In the following, it is considered, by way of nonlimiting example, that the heating and / or air conditioning (IC) system is part of a motor vehicle, such as for example an "all-electric" type car or "Hybrid". But the invention is not limited to this application. She indeed relates to any heating and / or air conditioning type reversible heat pump, whether intended to be installed in a vehicle or in a building, and in general any industrial application of heat transformation.

 FIGS. 1 and 2, and 3 and 4 show schematically first and second embodiments of a heating / air-conditioning installation IC, according to the invention. The first embodiment, illustrated in Figures 1 and 2, is for example intended to be implanted in a hybrid motor vehicle. The second exemplary embodiment, illustrated in FIGS. 3 and 4, is for example intended to be implanted in an electric motor vehicle or a building.

 A heating / air-conditioning system IC, according to the invention, is intended to operate according to a heating mode and possibly, as illustrated without limitation, at least one refrigeration mode and possibly a mixed mode (refrigeration and heating) for a simultaneous production of cold and hot, as needed. It will be noted that the invention relates more particularly to the operation of the heating / air-conditioning system IC in the heating mode, in particular when the quantity of calories that it can produce is less than the quantity of calories which is necessary for the heating of indoor air (here intended to supply the cabin of a vehicle as an example).
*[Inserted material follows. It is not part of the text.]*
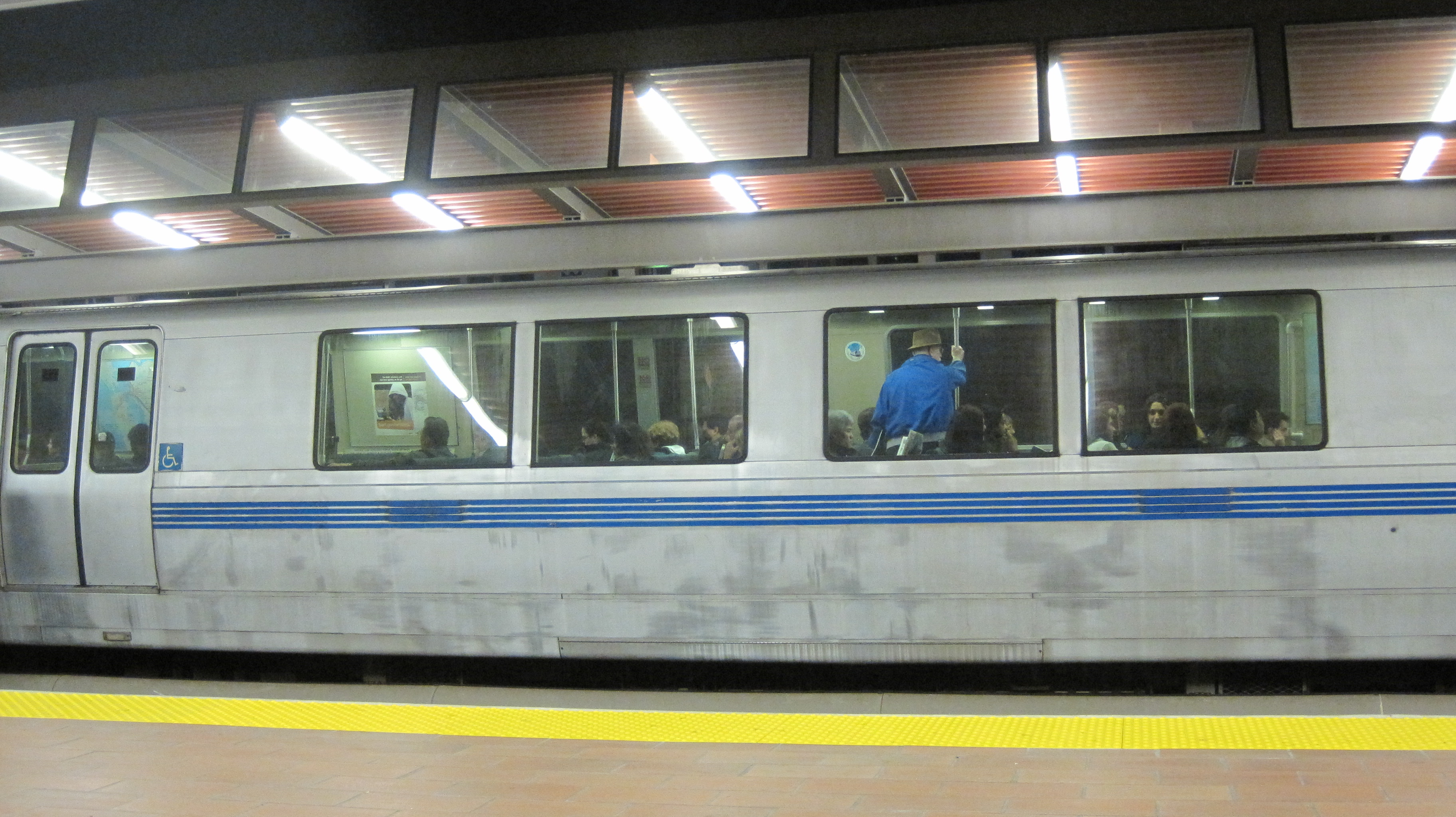 A BART train at the Fruitvale station.

Therefore, the operation of the IC heating / cooling system in the refrigeration mode will not be described.

 As illustrated in FIGS. 1 to 4, a heating / air-conditioning system IC, according to the invention, comprises in particular a compressor CP, an internal condenser CDI, an external heat exchanger EE, and a possible subcooler SR and a possible external expansion valve. DTE, which all intervene at least in the heating mode, as well as a possible internal evaporator El which intervenes at least in the refrigeration mode.

The compressor CP is responsible for heating and pressurizing a refrigerant which is derived from the external heat exchanger EE in the conventional heating mode which is illustrated in Figures 1 and 3, and the possible internal evaporator El in the refrigeration mode. This compressor CP comprises control means MC and an electric motor ME driven by the latter (TM). It will be noted that the control means MC (of the compressor CP) are preferably coupled to "main" control means (not shown), which are (here) part of the vehicle.

 These control means MC comprise for example electronic components which are supplied with current by the electrical network (here) of the vehicle. Some of these electronic components can be dedicated to switching the power supply of the electric motor ME.

 The electric motor ME operates in a mode that is defined by the control means MC, and more specifically by the power supply switches they operate. It includes, for example, an electromagnet designed to attract either a magnet or another electromagnet. These electromagnet and magnet can be defined by poles that can operate in traction or brake as needed.

 The internal condenser CDI intervenes at least in the heating mode. It is responsible for contributing to the heating of a so-called interior air (which comes here from inside the passenger compartment of the vehicle) by exchange with the refrigerant converted into hot gas and pressurized by the compressor CP in the conventional heating mode. It is preferably dimensioned so as to substantially completely condense the refrigerant from the compressor CP, in the heating mode, so that it is substantially completely in a liquid phase and partially cooled during the direct or indirect exchange with the indoor air. This allows an optimal transfer of the calories of the refrigerant.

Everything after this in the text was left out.